An equivalent formulation for the sum rule is:
``find $s \in \partial f(x)$ such that $p - s \in \partial g(x)$''.
Now, we can reformulate the second relation to isolate $s$ on the left-hand side.
Define the concave function $h_p(y) = p^\top \, (y-x) - g(y) + g(x) + f(x)$. Then, the second relation becomes $s \in \hat\partial h_p(x)$, where $\hat\partial$ is the superderivative of concave functions.
Let us reconsider this sub/supergradient relation in terms of the epigraph of $f$ and the hypograph of $h_p$.
By $s \in \partial f(x)$ we obtain
\begin{equation*}
f(x) - s^\top x \le f(y) - s^\top y
\end{equation*}
for all $y$ and this implies
\begin{equation*}
f(x) - s^\top x \le (1, -s)^\top k
\end{equation*}
for all $k$ in the epigraph of $f$.
Similar, from $s \in \hat\partial h_p(x)$ we get
\begin{equation*}
h_p(x) - s^\top x
=
f(x) - s^\top x
\ge
h_p(y) - s^\top y
\end{equation*}
for all $y$ and this implies
\begin{equation*}
f(x) - s^\top x
\ge
(1,-s)^\top k
\end{equation*}
for all $k$ in the hypograph $\{(a,b) \in \mathbb{R} \times \mathbb{R}^n : a \le h_p(b)\}$ of $h_p$.
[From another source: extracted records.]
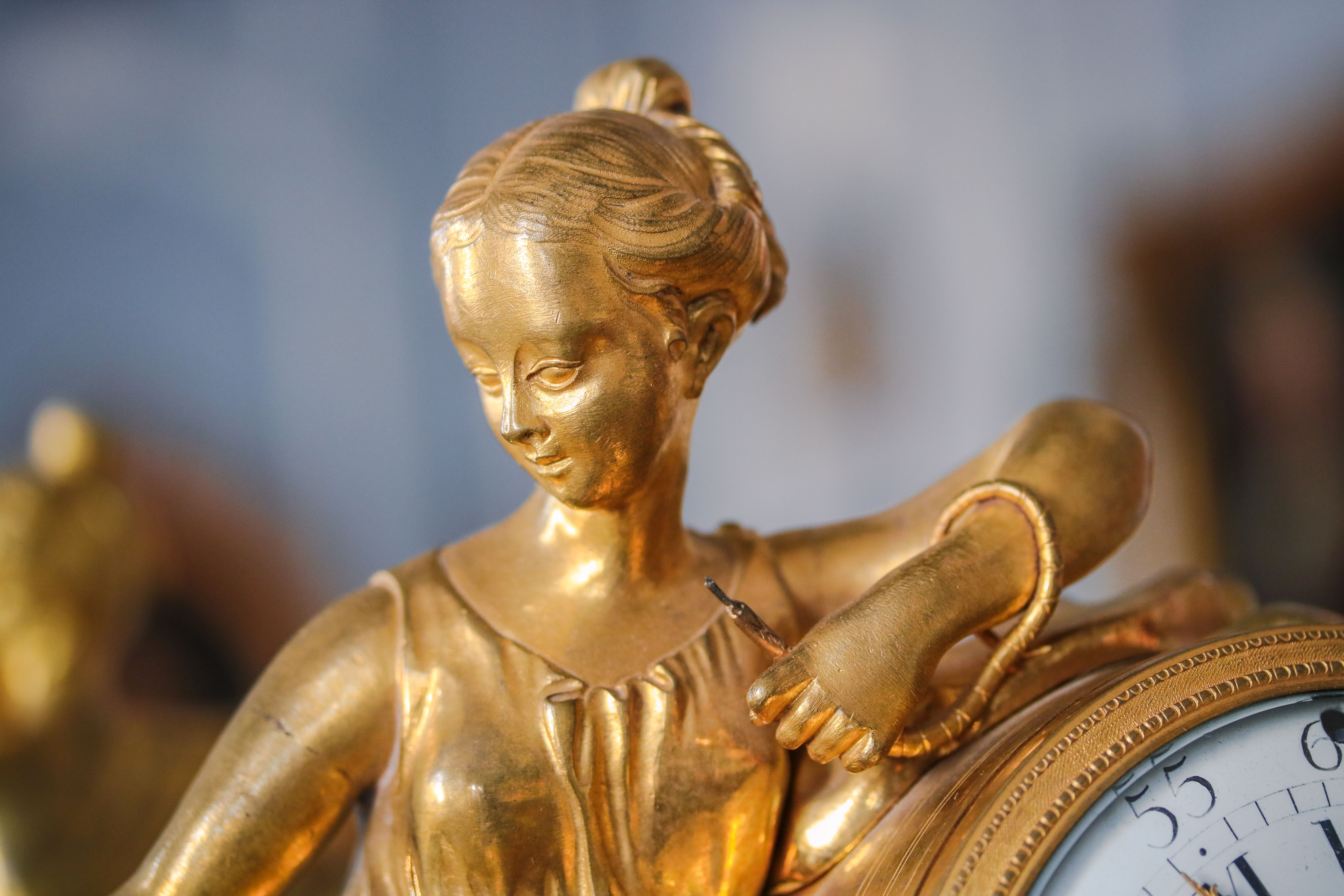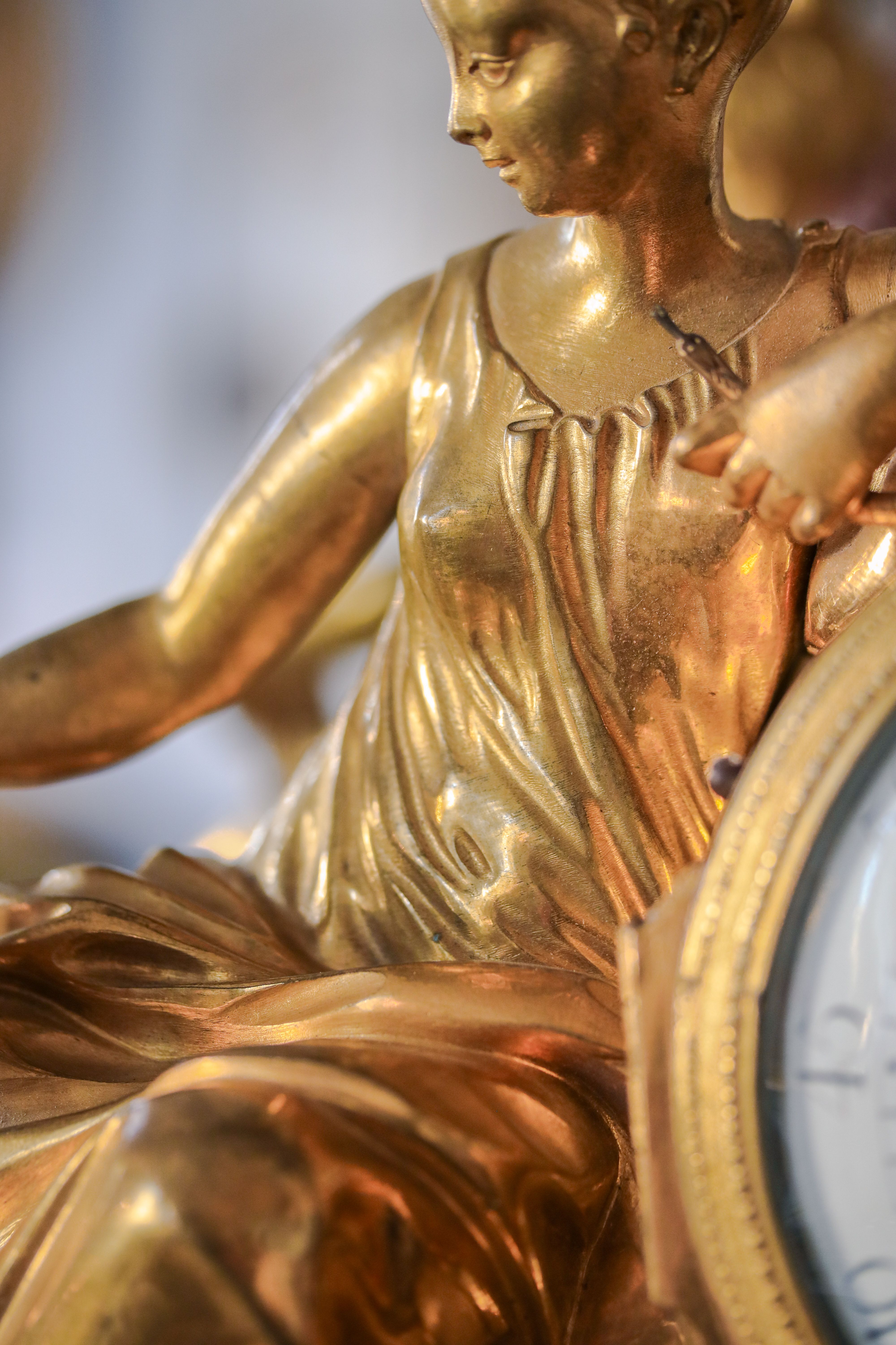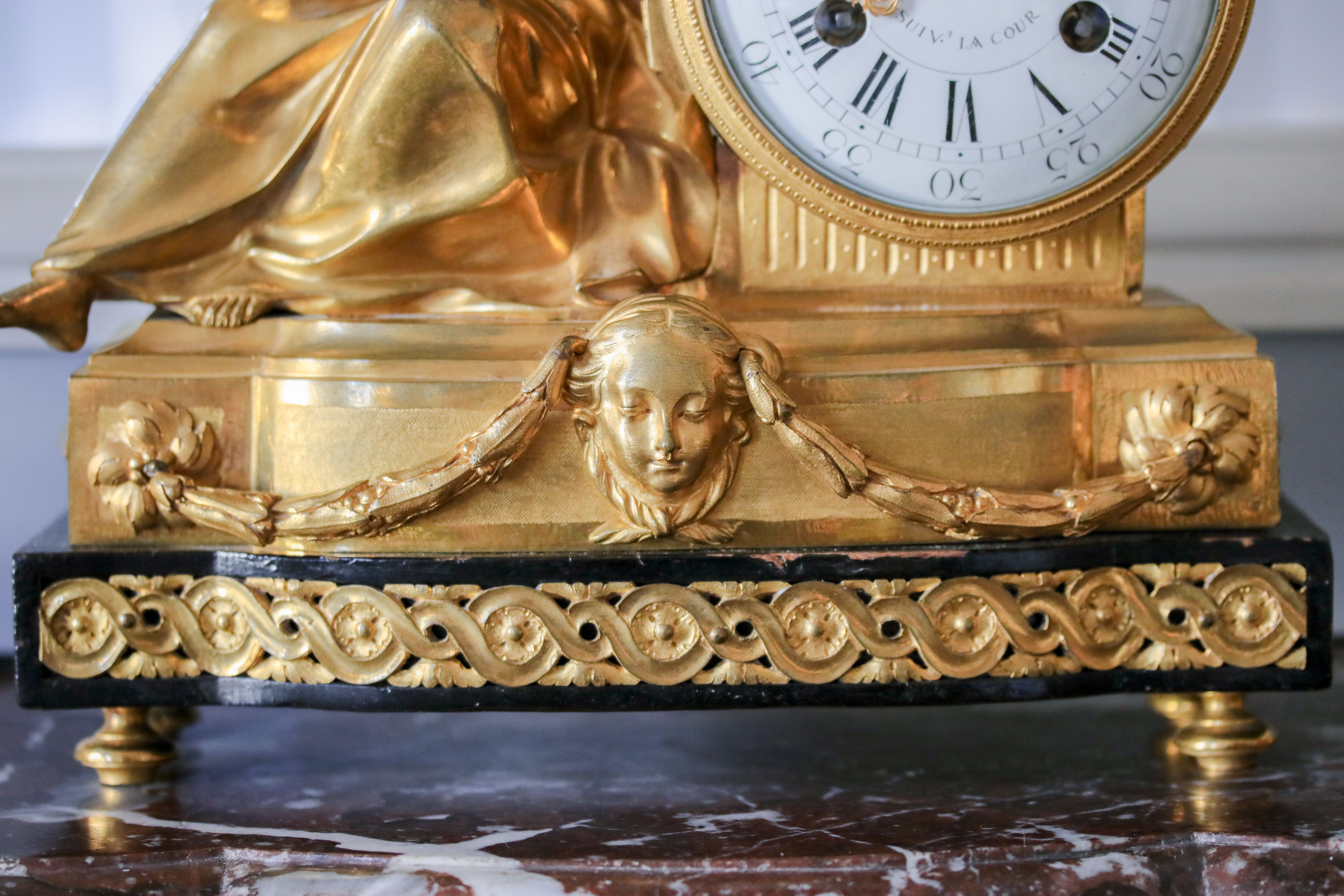 Pendule représentant la Prudence en bronze doré et ciselé reposant sur un socle en bois noirci. La pendule repose sur quatre petits pieds en bronze doré. Mouvement de « Causard horloger du roi - Suivant à la cour » D’après un dessin d’Antoine Foullet Epoque Louis XVI Restaurations d’usage H. 32 x L. 29 x P. 13 cm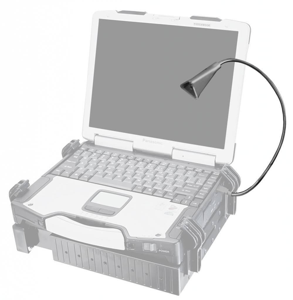 The USB powered, laptop light consists of a flexible 11.5" long arm and a 2" long pointed globe light. This is the perfect solution for the hard to see situations, such as in an airplane or vehicle.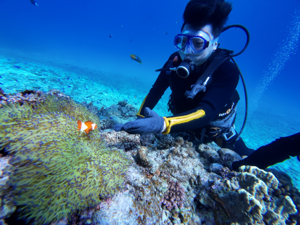 綺麗な珊瑚礁を見ながらスイスイ泳いだ先には☟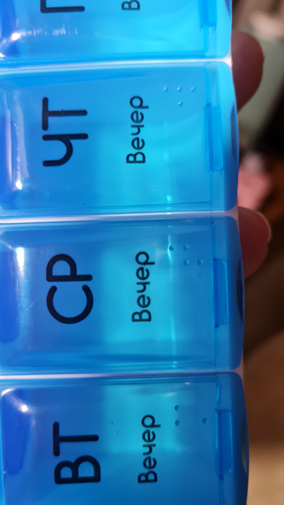 Отличная таблетница. большая.Ячейки глубокие. На неделю , утро и вечер можно разложить. на крышечках точки из азбуки Брайля есть.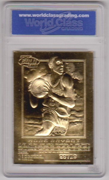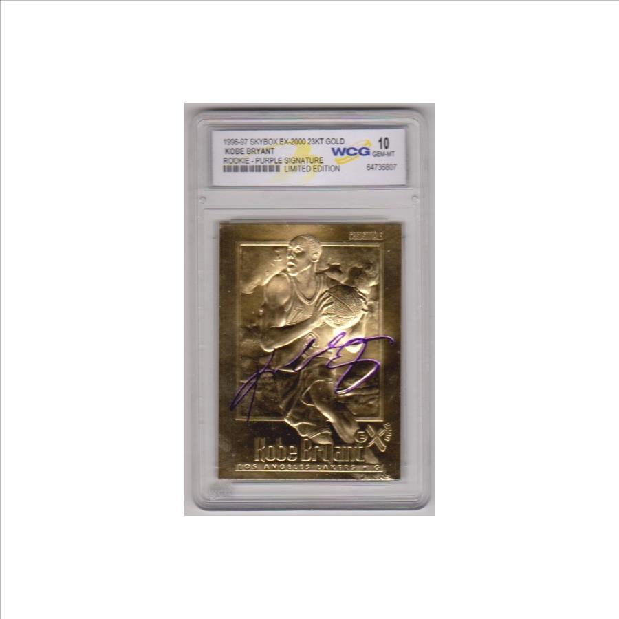 This is a 1996-97 Skybox EX-2000 w/ Purple Signature (Printed Facsimile, not hand signed) 23 Kt Gold Kobe Bryant rookie card that has been graded a Gem Mint 10 by WCG.  The holder has a couple of small light surface scuffs, but overall this is a sharp graded rookie card of this NBA Hall of Famer.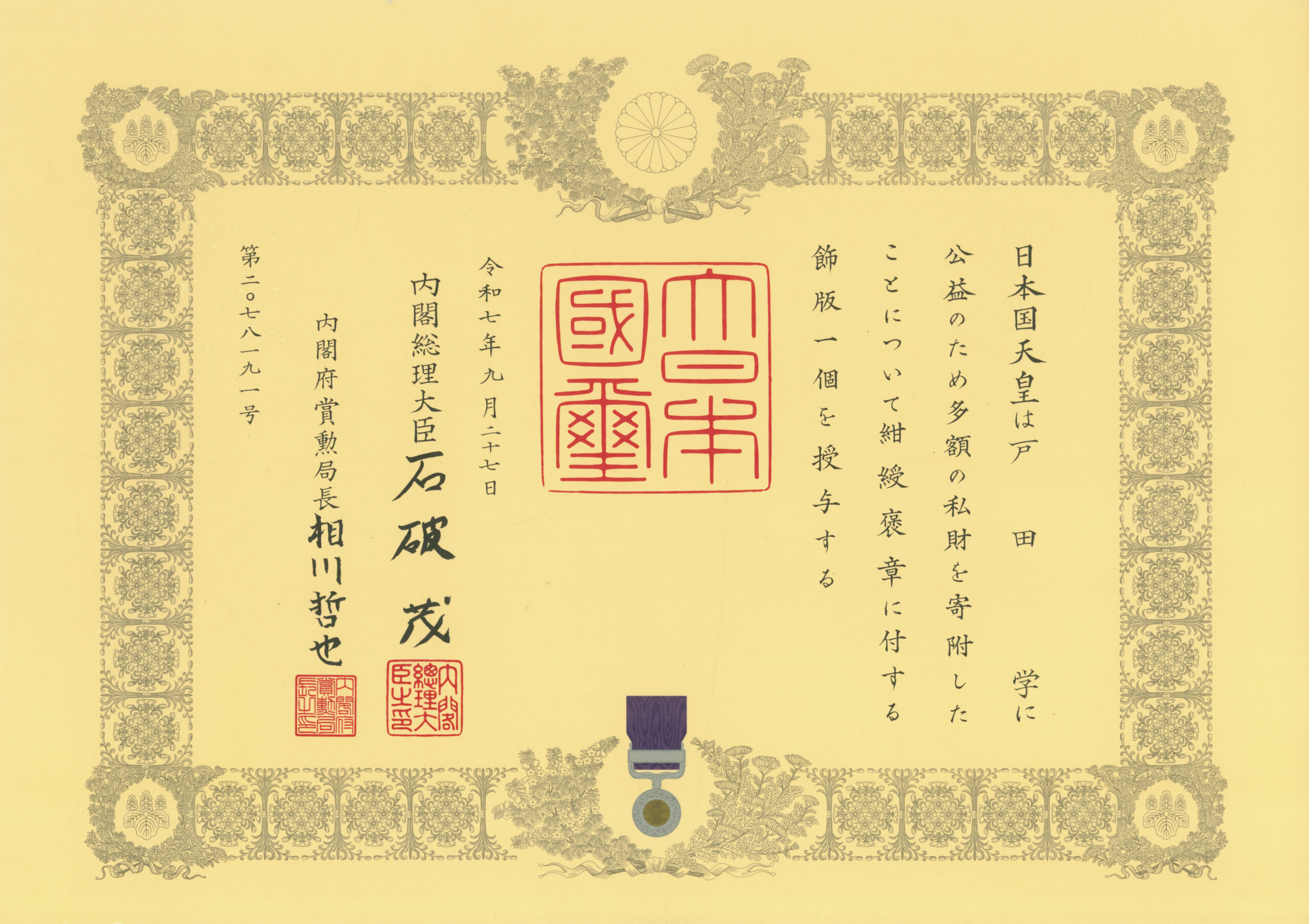 弊社代表 戸田学は、日本国天皇より公益のため多額の私財を寄附したことについて、紺綬褒章に付する飾版一個を授与されました。 書状並びに飾版は令和7年12月26日、静岡県庁に於いて鈴木康友知事から拝受いたしました。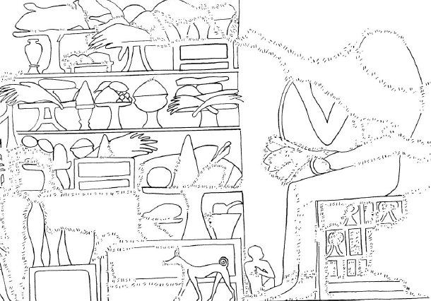 Di fronte a lei, distribuiti su quattro sotto-registri, vi sono tavoli e supporti colmi di offerte: volatili, verdure, dolci, ciotole, giare, nonché una brocca e un catino per lavarsi prima e dopo i pasti; nel sotto registro più basso, accanto al tavolo più grande, si trova un cane con orecchie dritte e coda arricciata.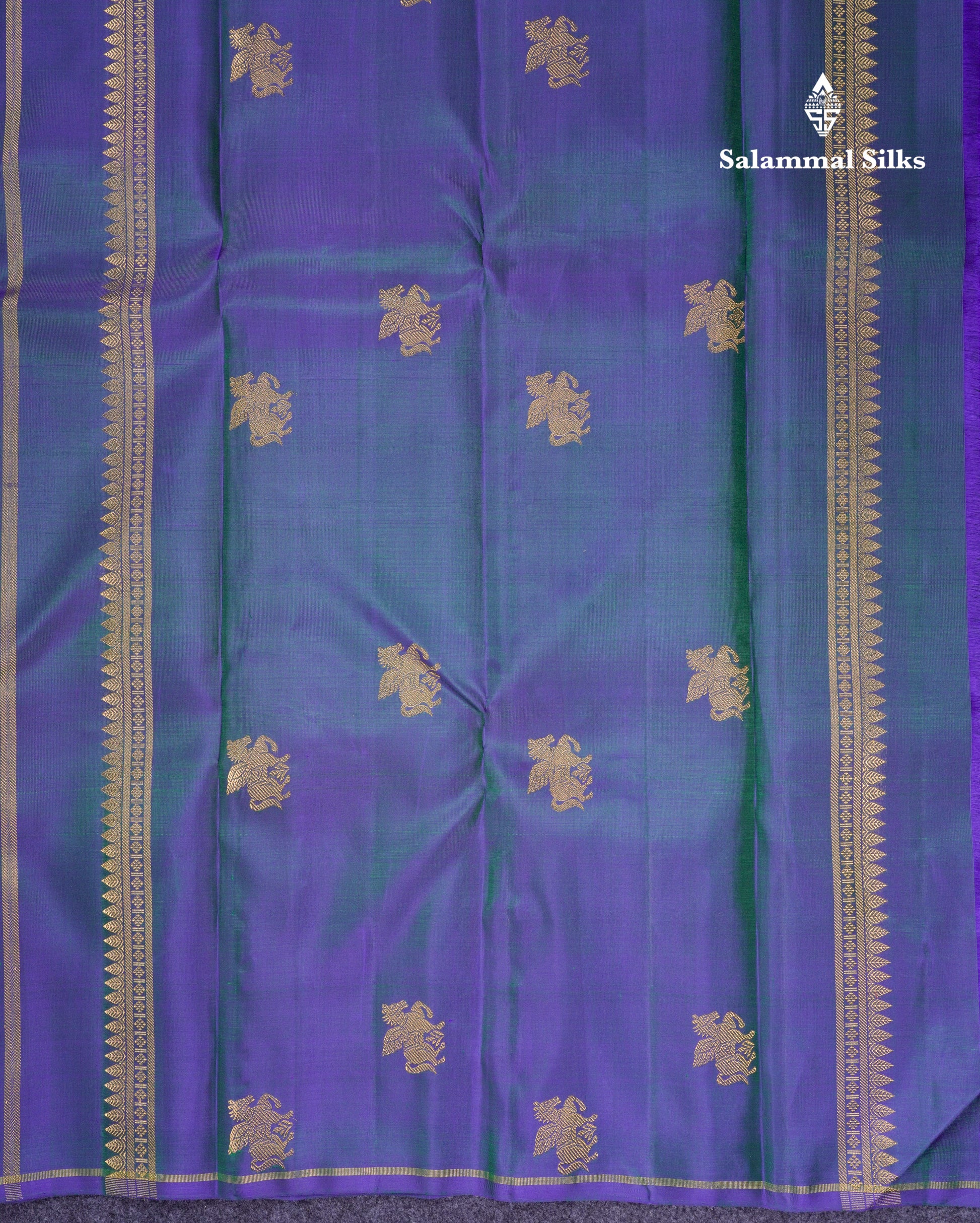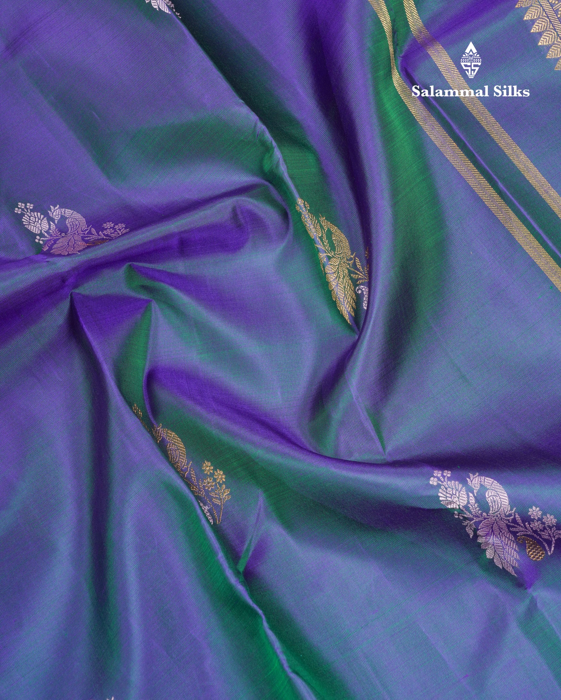 Beautiful Dual Tone Violet Zari & Thread Butta Pure Kanjivaram Silk Saree Pure Zari with Blouse
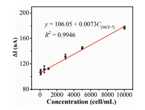 Breast cancer is a malignant tumor with the highest incidence rate and is the second fatal rate among women [1]. Early diagnosis is the main means to reduce the mortality and morbidity of breast cancer [2]. Michigan cancer foundation-7 (MCF-7) is one type of human breast cancer cells. Currently, various analytical techniques are reported for MCF-7 detection, including differential pulse voltammetry (DPV) [3], electrochemiluminescence (ECL) [4], electrochemical impedance spectroscopy (EIS) [5, 6], inductively coupled plasma-mass spectrometry (ICP-MS) [7], localized surface plasmon resonance (LSPR) spectra [8], Fluorescence spectra [9] etc. However, development of approach for MCF-7 detection in human blood with high selectivity and sensitivity are still highly required for early breast cancer diagnosis.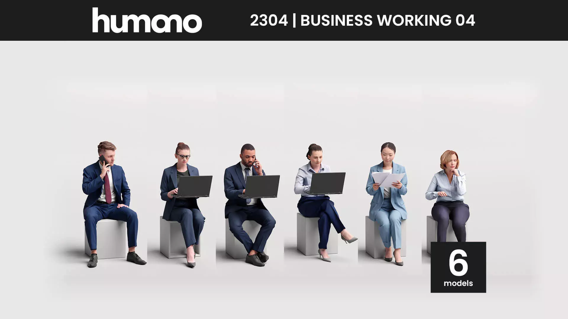 This is Humano Collections 2304 | Business 04 - Working at the office. Check out our other thematic collections of 3d people.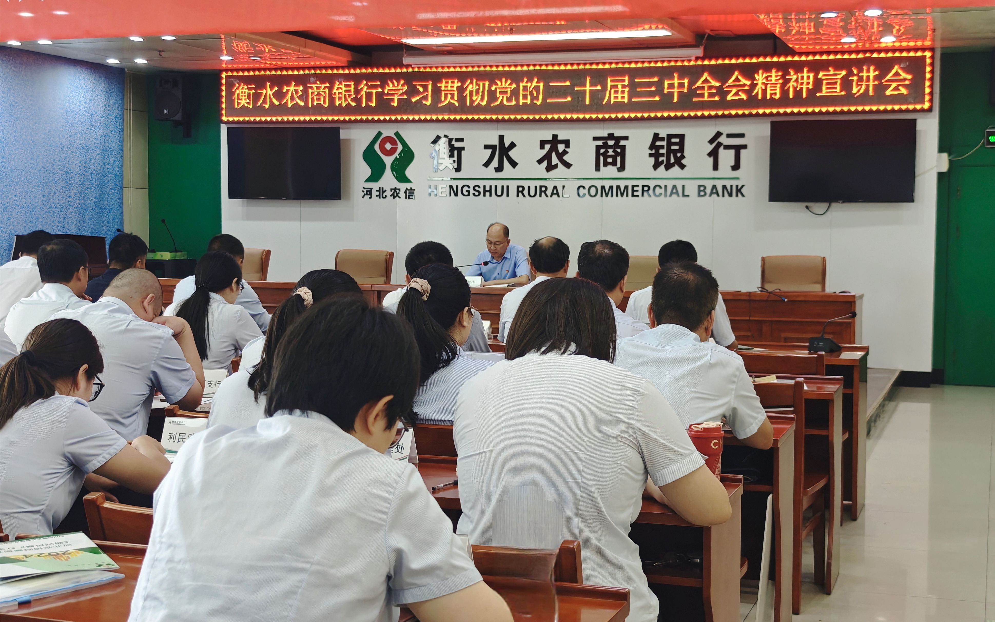 党的二十届三中全会召开以来,衡水农商银行把学习宣传贯彻党的二十届三中全会精神作为当前和今后一个时期的一项重大政治任务,组织全行深入学习领会全会精神,切实把思想和行动统一到习近平总书记重要讲话和全会精神上来,全力以赴在金融服务经济高质量、深化自身改革转型、防范化解金融风险上取得新成效。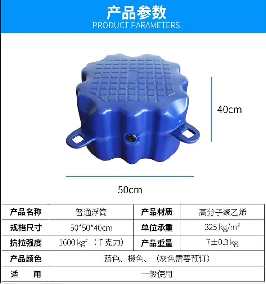 所 在 地: 浙江杭州拱墅区 更新日期: 2026-01-29 详细信息| 询价留言品牌:山河甲 型号:500x500x400mm 加工定制:是 材质:PE 用途:水上平台、浮桥 加工定制:是 -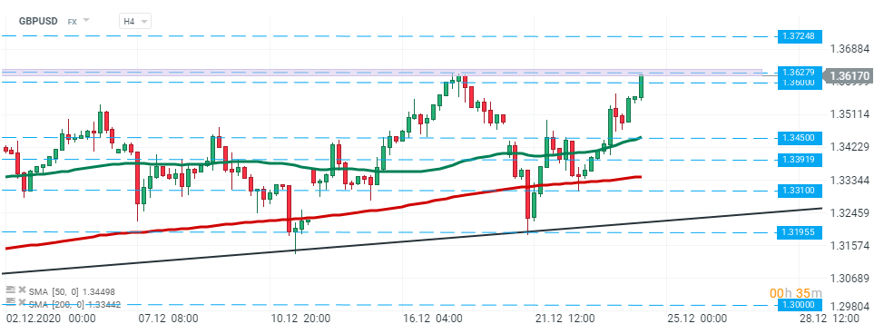 El par GBP/USD extendió su impulso alcista después de superar la resistencia principal en 1.3600 a niveles no vistos desde mayo de 2018 ante la creciente especulación de que el Reino Unido y la Unión Europea se están acercando al acuerdo comercial del Brexit. Actualmente el par se acerca a los máximos de este año en 1.3627. Si se produce una ruptura por encima, entonces podría lanzarse otro impulso alcista hacia la resistencia en 1.3724.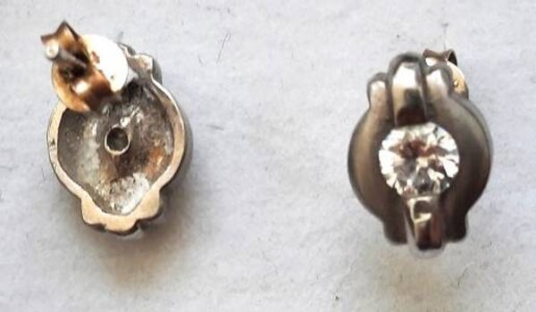 Voorzien van een heldere, briljant geslepen steen (vermoedelijk zirkonia van hoge kwaliteit).

Hence, the validity of the sum rule implies that we can separate the epigraph of $f$
and the hypograph of $h_p$ (which is just the mirrored, shifted and tilted epigraph of $g$).
To the contrary,
let $p \in \partial (f+g)(x)$ be given.
This implies that the epigraph of $f$ and the hypograph of $h_p$ are disjunct.
If you can separate the epigraph of $f$ and the hypograph of $h_p$,
then you find $a \in \mathbb{R}$ and $(\lambda,-s) \in (\mathbb{R}\times\mathbb{R}^n) \setminus \{0\}$ such that
\begin{equation*}
(\lambda,- s)^\top k \ge a \ge (\lambda,-s)^\top l
\end{equation*}
for $k$ in the epigraph of $f$ and $l$ in the epigraph of $h_p$.
Since you can make the first component of $k$ arbitrarily large, you obtain $\lambda \ge 0$,
and $\lambda = 0$ cannot happen, since this would imply $s = 0$.
Hence, we can rescale $\lambda$ to be $1$.
This implies
\begin{equation*}
f(y) - s^\top y \ge a \ge (p^\top \, (y-x) - g(y) + g(x) + f(x)) - s^\top y
\end{equation*}
for all $y$.
Plugging in $y = x$ yields $a = f(x) - s^\top x$.
The considerations above yield $s \in \partial f(x)$ and $p - s \in \partial g(x)$.
I hope this answer clarifies that a sum rule is essentialy a separation theorem.